17 Comments
May 18, 2022·edited May 18, 2022

I am a tech employee and went from convincing my wife to vote for Sanders and not Clinton in the then-primary and then, after becoming more engaged politically in 2018-20, gradually drifted back to being much more anti-government (the last time I was anti-government was in Russia). I think I have a tentative explanation.

Most tech employees are VERY apolitical and (I hate the word but...) privileged. I've never talked politics with my coworkers, even those I was on hang-out-on-weekends/invite-to-wedding terms. Literally never remember an occasion. Tech employees are busy with tech, work, overwork, families, hobbies, etc. This is helped by the fact that we live in nice areas and have a ~lot of money, so we see few bad effects of govt policies and don't notice minor economic effects at all. E.g. $3 gas and $5 gas makes no real difference to me, I feel like the only reason I even notice now is that... I'm more engaged politically, so it's symbolic of something.

So... the only time I'd see a bad thing in 2015 is if someone pointed it out to me. Sanders would point out homelessness, student debt, whatever, and say wouldn't it be nice if we were nice to these nice people and gave them money? Sounds nice! Also I saw homeless people in cities and I can easily empathize with a college-goer. Republicans would rant about abortion, for heaven's sake, or border wall. Sounds like being mean to people, and also being anti-science (we love science), and also tech companies are full of immigrants. And even if we grant that some of these could be real problems (let's say immigrants were actually taking low-skilled jobs), they never affect me-the-techie in any obvious way.

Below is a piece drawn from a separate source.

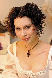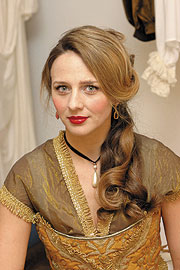 – Én nagyon bírtam volna abban a korban élni. A férfiak férfiak, a nők dominánsabban voltak nők. Gyönyörűek voltak a ruhák. Színpadon persze elég izzasztó az a sok cucc – alsószoknya, alsó bugyi, harisnyakötő, fenékpárna –, ráadásul úgy be vagyunk fűzve, hogy levegőt is alig kapunk. Nell az utcáról került a színházba és felvállaltan először kezdett játszani a földszintnek. Létező személy volt, festmény készült róla és a szeretője, II. Károly király is kedvelte. Szép kastélyban élt, selyempárnák között, nevelgette a királytól született gyerekét. Fiatalon halt meg, állítólag szifiliszben, amit szintén a királytól kapott.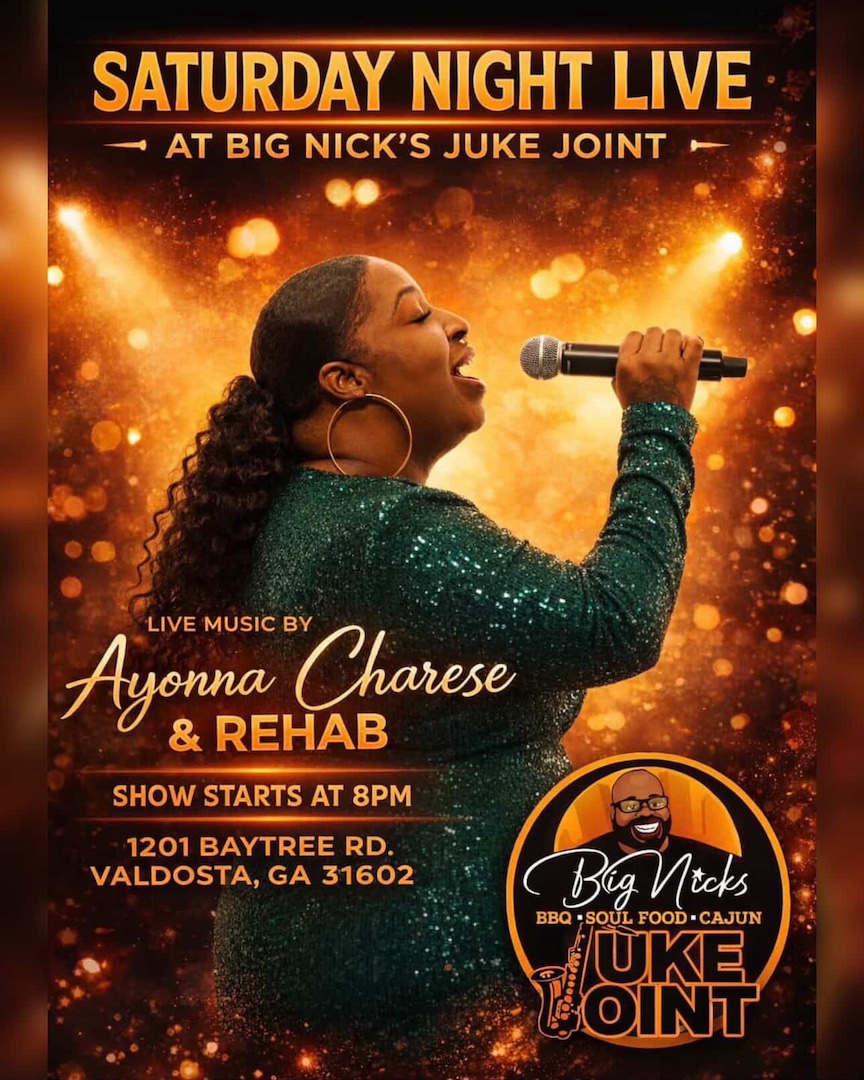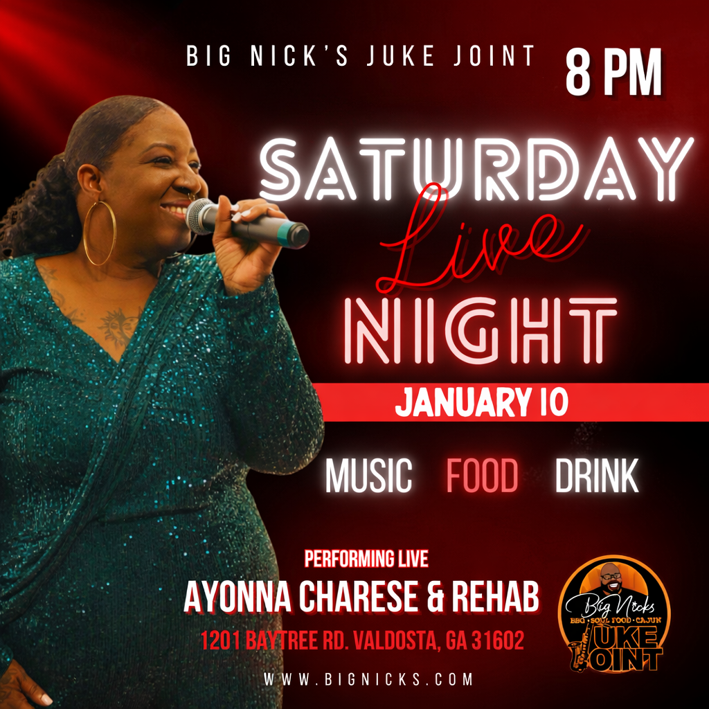 Get ready for a soulful Saturday night as Ayonna Charese and her band Rehab bring the heat to Big Nick’s Juke Joint. From powerhouse vocals to smooth live instrumentation — it’s the grown folks’ vibe you’ve been waiting for. 🗓️ Date: Saturday ⏰ Time: 8:00 PM📍 Location: Big Nick’s Juke Joint 1201 Baytree Rd, Valdosta, GA 31602 🔥 Delicious Cajun, Soul Food & BBQ available all night🎷 Live entertainment in a true juke joint atmosphere No better place to spend your Saturday night! |

If I devote 10 minutes a month to politics, who am I going to donate to (and did donate before actually reading DSA website, etc. :))? Nice people who want to do nice things to other nice people, or mean-spirited people who want to, I dunno, tilt at random irrelevant windmills in a mean-spirited way? I don't think most tech employees are really "woke", or tuned or engaged in any of that. If engaged at all, they are more likely to be Obama/Clinton democrats; but most likely they just follow the "nice" slogans. The fact that many are immigrants probably also makes them more apolitical.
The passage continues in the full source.